ZAPANTA VALLEY, Kitcharao, Agusan del Norte (MindaNews/23 June) – Mamanwa “bakwits,” or internally displaced persons, returned to their homes in this hinterland part of Kitcharao, Agusan del Norte last Wednesday, with all the hope that government troops and communist rebels stop making their place their battleground.
Three weeks after staying in makeshift tents in Surigao City, the natives rode home towards Sitio Zapanta in Barangay Bangayan, Zapanta Valley aboard dump trucks, accompanied by cause-oriented groups that helped them flee the area when fighting between the Army and New People People’s Army (NPA) broke out.
This place is so remote it takes about three hours of walking or more than an hour by habalhabal, a motorcycle with an extended seat to accommodate more passengers, from the town center Kitcharao. The road is terribly bad that often, the habalhabal would break down before reaching its destination.
Ronnie Maayo, 22, said he was happy because he can now have his normal life back.
Maayo was among 147 individuals belonging to 37 families who initially took shelter in the barangay hall of Bangayan last May 26. They stayed there for almost a week, then proceeded to Surigao City for another two weeks, staying at an evacuation center in Sitio Bacud, Barangay Luna.
Maayo said he couldn’t find a perfect place other than his birthplace in Zapanta Valley.
“It is serene here, cool and the soil is rich. Our river is clean with abundant fish,” he told MindaNews in the vernacular.
Maayo and his family rely on farming and wood gathering as their primary livelihood. He plants rice, root crops and vegetables to support the family. He gathers wood and sell these to small saw mills in the area.
Maayo conceded that life was difficult in the mountain but that is the way they live. “This is life here. It may be hard, but in the long run, you’ll get used to it,” he said.

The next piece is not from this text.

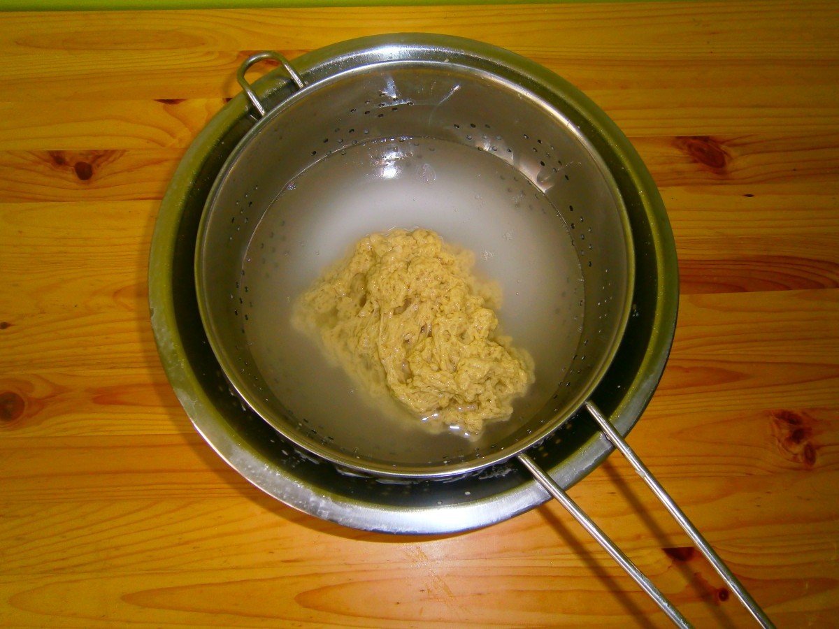 Aby sme získali seitan, teda lepok, musíme z cesta vyplaviť škrob. Najlepšie je cesto položiť na sitko do väčšej misy, do ktorej napustíte vodu. Najprv opatrným pokrčením zvoľna vyplavujeme škrob a akonáhle máme pocit, že je ním voda dostatočne nasýtená, vymeníme ju za novú (použitá sa dá využiť napr. na polievku). Či použiť vodu studenú alebo vlažnú sa zdroje rozchádzajú, skúšal som oboje a okrem tepelného komfortu pre ruky som žiadny rozdiel nepozoroval.

For him, living a spartan life is much better than staying in an evacuation center, which he said is like being in jail. “You have nothing to do there, just eat and sleep. And it’s hot in there because we’re like canned sardines,” Maayo said.
Flores C. Matias, 26, a mother of two boys, also went home to neighboring Sitio Ansili. For her, coming back to the village is a way of restarting life again.
Matias said their place has seen various skirmishes between government forces and the NPA. Until a few weeks ago, the last firefight occurred in 2009. It was her first experience as a bakwit.
Flores who hails from San Luis town in Agusan del Sur, is a member of the Manobo tribe, who married a “Bisaya,” the term the lumads use to describe Cebuano-speaking non-members of the tribe, from Barangay Bangayan. She and her husband have decided to settle in this place because he has relatives here.
Most residents here say that the military routinely accuse them of being supporters of the NPA. But they deny the accusation, insisting they are just civilians caught in the vortex of violence between the two sides.
But one resident here said some of their neighbors are sympathetic to the NPA, though he denied knowledge of any coercion by the rebel group among the residents.
“It’s up to you if you offer something. But I never heard of anyone who was harmed for not cooperating with their cause,” he said.
This placed used to be one of the booming areas in Agusan del Norte way back in ’70s and ’80s because of the presence of a logging firm, Liberty.
But now the place is back to its old self – a sleepy farming village – after Liberty’s closure in early ’90s.
Bento Tal-ang, 52, a Mamanwa who used to work for Liberty as surveyor, said residents have nowhere to turn to but their lands.
But he emphasized that tilling land becomes difficult when rebels and government forces descend on them, disrupting their farming and consequently, incur damage on their crops.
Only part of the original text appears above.